Beyond Pencils and Paper: Preparing Kids—and Parents--For a Vastly Different School Year
We are mere days from the start of an unprecedented school year. Summer’s end, and the start of a fresh academic year, always bring about a range of emotions—excitement, angst, anxiety and anticipation—for parents and kids alike. How do we prepare ourselves and our children, both pragmatically and emotionally, for a school year on the horizon that is fraught with such a lack of definitiveness?
More than anything else, our children depend on our direct communication, candor and emotional attunement. Let’s have open conversations with them in these final days leading up to September that help normalize their experience, and provide room for them to share their concerns without fear of our reactivity. You may wish to prepare them for a re-entry adjustment period; after so many months of family and home-time, children and parents alike will need to adjust to being apart, and being back in brick-and-mortar structures, for stretches of time.

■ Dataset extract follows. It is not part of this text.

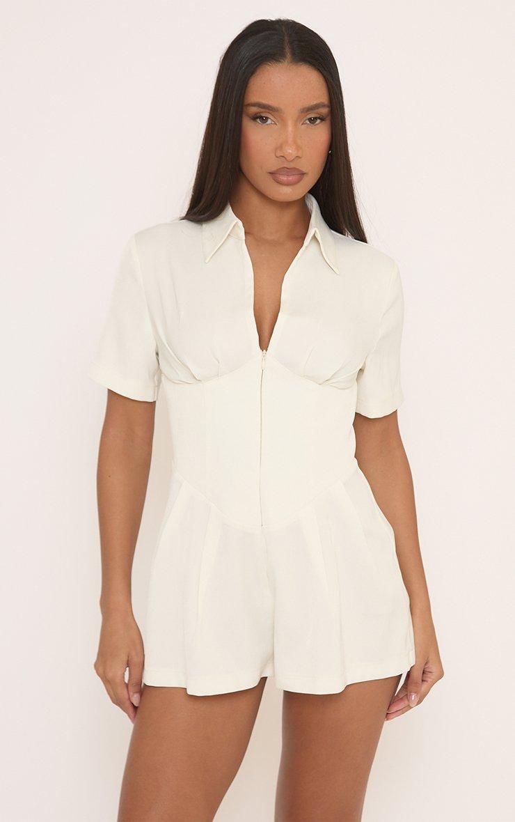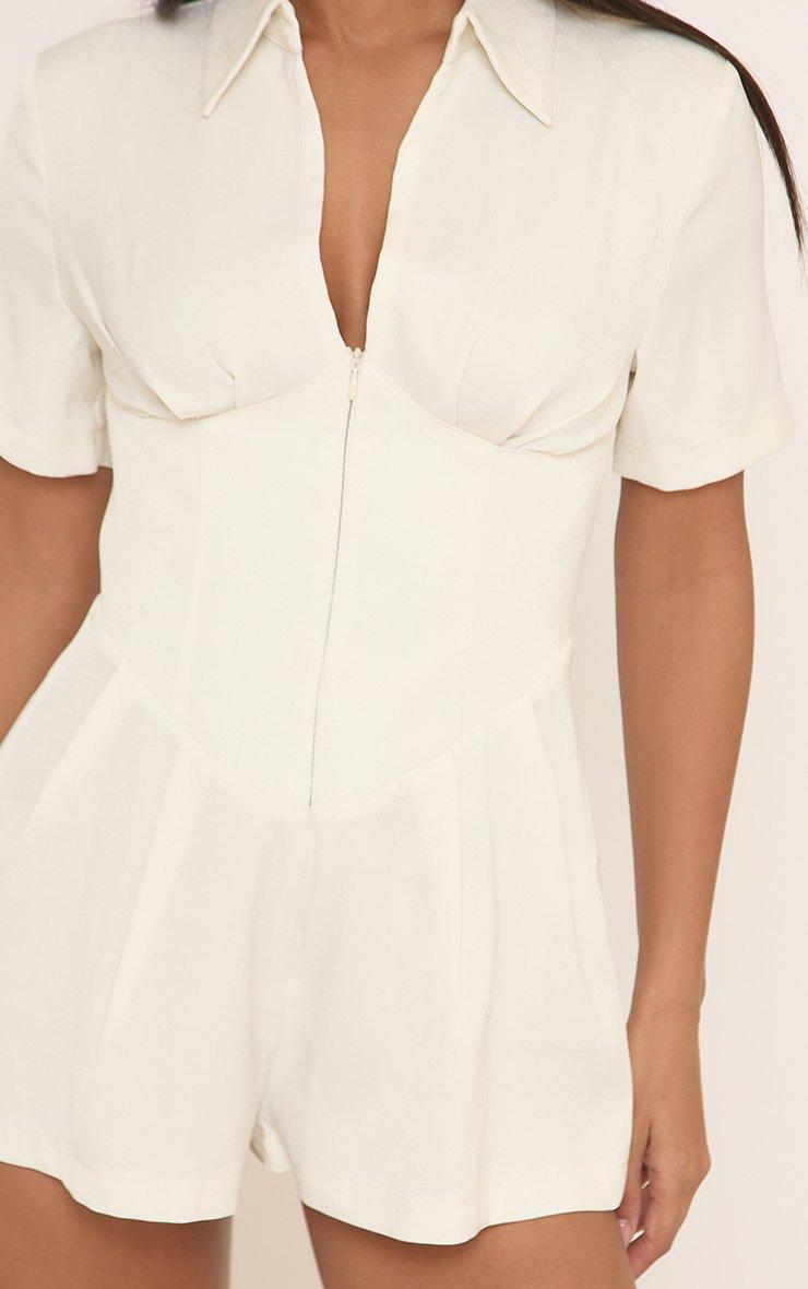 Weekend vibes, but make it chic, doll! Featuring white material with short sleeves, corset detailing, and a collared design, this playsuit brings bold structure and effortless elegance. Perfect for when you want to stand out!

It may also be healthy to go over the possibility of school beginning and then returning to virtual, should the virus return, and to discuss the many steps being taken to reduce the probability of that taking place. Speaking about emotions and situations we are likely to experience in advance builds connectedness, reduces anxiety, and helps our children to understand that they are not alone with their big feelings. We can be transparent about our own difficulties confronting uncertainty.
Like me, you have probably spent much of the summer asking yourself the “million-dollar question”: To send, or not to send? Perhaps you are now questioning that decision or experiencing self-doubt in your choice. That yellow bus, rambling down the road around September 1, whisking our children away for a year of social, emotional and intellectual development and scholastic achievement has always been something we can count on. Eek! Scratch that. No wonder so many of us have experienced tension, decision fatigue and stress. A steady and reliable system of infrastructure has been stripped down, tossed around, and reassembled in a way we don’t recognize. As parents, we are managing our own grief, frustration, fear and projections, while trying to model composure and instill confidence in our kids.
First, I think we all could use a hug. We are each doing our best to ensure a safe and smooth path for our children, in uncharted waters, and therefore it has never been more important to be gentle with ourselves and each other. Second, I would like to suggest a courageous way of looking at this unusual school year. What if we attempted, both individually and collectively, to lean in to the uncertainty of these times? If I had to call out essential qualities for an effective life, I would use three words: Adaptiveness, flexibility and resilience. If I asked you to reflect, you would likely tell me that your biggest obstacles were what cultivated your character, and ultimately, produced your greatest results. I think we all theoretically agree that challenges force us to take a step back to examine what is working or not working in an objective way. In fact, I’m certain that, for you and I both, this recent reflection has already bred creativity and resourcefulness beyond what we all thought we were capable of.
While there are questions that no one can yet answer, we can focus on aspects that we can control. We can also remind our kids that unknowns are a part of life, and that while we don’t always like them, we do need to regulate through them. Be it in-person learning, distance learning, homeschooling pod, private tutor, or a hybrid model…we will each rise to the occasion this academic year. We’ve got this. We’re equipped.